Acquisition of Minera Guangshou Ecuador S.A.:
The Company entered into a letter of intent (the "Letter of Intent") with GS International Mining Co., Ltd. ("GSI") dated effective January 4, 2013, as amended March 20, 2013, with respect to the Company's acquisition (the "Acquisition") of Minera Guangshou Ecuador S.A. ("Guangshou") of Ecuador, owned 95% by GSI and 5% by World Pearl Group Limited ("WPG"). Guangshou holds a 70% interest in the Ecuador company, JV Chinapintza Mining S.A. which holds a 100% beneficial interest in and title to an Ecuador gold mineral property located in the Viche Conguime I Concession of the Condor Gold Project in the Zamora Province of Ecuador (the "Chinapintza Property").

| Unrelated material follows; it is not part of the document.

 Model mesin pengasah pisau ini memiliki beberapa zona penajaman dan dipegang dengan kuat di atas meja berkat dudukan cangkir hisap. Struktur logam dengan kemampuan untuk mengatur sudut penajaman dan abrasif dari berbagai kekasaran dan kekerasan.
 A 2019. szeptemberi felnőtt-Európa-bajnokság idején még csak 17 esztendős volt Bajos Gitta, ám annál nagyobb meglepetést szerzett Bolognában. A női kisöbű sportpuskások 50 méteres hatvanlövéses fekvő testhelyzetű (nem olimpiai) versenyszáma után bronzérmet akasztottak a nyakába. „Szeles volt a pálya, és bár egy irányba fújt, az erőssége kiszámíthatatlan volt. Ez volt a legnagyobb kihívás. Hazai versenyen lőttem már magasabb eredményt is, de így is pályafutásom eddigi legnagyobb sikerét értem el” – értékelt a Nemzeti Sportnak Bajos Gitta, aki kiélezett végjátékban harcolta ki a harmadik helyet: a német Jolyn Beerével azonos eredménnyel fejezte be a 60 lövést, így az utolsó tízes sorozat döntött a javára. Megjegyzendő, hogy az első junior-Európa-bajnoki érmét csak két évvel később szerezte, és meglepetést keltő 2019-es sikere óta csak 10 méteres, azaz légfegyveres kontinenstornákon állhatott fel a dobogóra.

The Company completed the Acquisition by way of a three cornered amalgamation (the "Amalgamation") among, the Company, 0964675 B.C. Ltd., a wholly-owned subsidiary of the Company incorporated under the laws of British Columbia, ("BB Subco") and Guangshou Ecuador Minerals Ltd., a subsidiary of GSI, incorporated under the laws of British Columbia ("GSI Subco"), resulting in GSI Subco as the new holder of 100% of Guangshou immediately prior to completion of the Acquisition.

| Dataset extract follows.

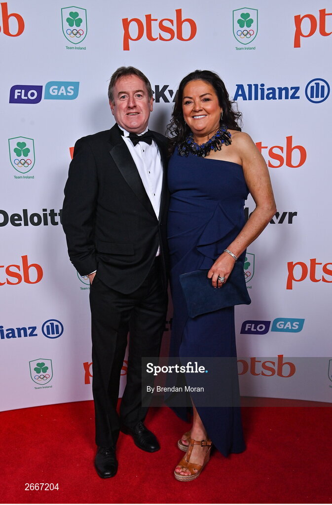 11 November 2023; PTSB chief executive Eamonn Crowley and Orlaith Crowley in attendance at the Team Ireland Olympic Ball at the Mansion House in Dublin. The event was a joint celebration of the brilliant performances of Team Ireland athletes at the European Games this summer, as well as the announcement of the winners of the Olympic Federation of Ireland Annual Awards. The event was attended by the Minister for Tourism, Culture, Arts, Gaeltacht, Sport and Media, Catherine Martin TD, Minister of State for Sport and Physical Education, Thomas Byrne TD, Olympic medallists, European Games athletes, Team Ireland Sponsors and Partners, Sport Ireland and the wider Olympic family. Photo by Brendan Moran/Sportsfile

Under the Amalgamation, the Company acquired, in exchange for 35,000,000 common shares of the Company issued to GSI (95%) and to WPG (5%) together with 1,689,375 common shares exchanged to be issued to an arm's length finder, all of the issued and outstanding shares of GSI Subco being amalgamated with the Company's BB Subco to form an amalgamated company ("Amalco") holding 100% of Guangshou.

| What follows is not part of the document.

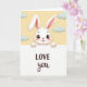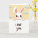 This greeting card shows a sweet white rabbit peeking up from the bottom edge, with its front paws resting on a bright white sign. Its big glossy brown eyes look wide and kind, with a little pink blush on its cheeks, a tiny pink nose, and a gentle smile that feels friendly right away. The rabbit’s tall ears stand up with soft pink on the inside, framing its face as it looks straight at you. Behind it is a muted yellow background with a few pale blue-grey clouds, like a calm sky. On the sign, the words “LOVE you” appear in dark brown, hand-drawn lettering, stacked one word above the other near the center. The simple colors and soft shading make the whole scene feel calm and caring, like a small moment of affection you can hold. It’s an easy card to give when you want to say you care without making a big speech 🥰❤️.

As a result of the Acquisition, Amalco became a wholly-owned subsidiary of the Company, which will have indirectly acquired a 70% interest in the Chinapintza Property. Upon the completion of the Acquisition, Guangshou became a wholly owned subsidiary of the Company.
In addition, in connection with the Transaction, GSI has agreed with Guangshou in an agreement dated March 8, 2013 to advance it a minimum of $375,000 on or before closing of the Qualifying Transaction for use as working capital over the next three years (the "GSI Advance"). The GSI Advance will be subordinated long term debt bearing simple interest of 5% per year, which shall not be repayable until June 17, 2016 after which the principal and interest shall be repayable in four equal quarterly installments.
The Exchange has been advised that the Qualifying Transaction has been completed. The full particulars of the Company's Qualifying Transaction are set forth in the Filing Statement, which has been accepted for filing by the Exchange and which is available under the Company's profile on SEDAR.
Name Change:
Pursuant to a resolution passed by shareholders on May 17, 2013, the Company has changed its name to Chinapintza Mining Corp. There is no share consolidation.
Effective at the opening on Wednesday, June 19, 2013, the common shares of Chinapintza Mining Corp. will commence trading on the Exchange, and the common shares of Black Birch Capital Acquisition II Corp. will be delisted.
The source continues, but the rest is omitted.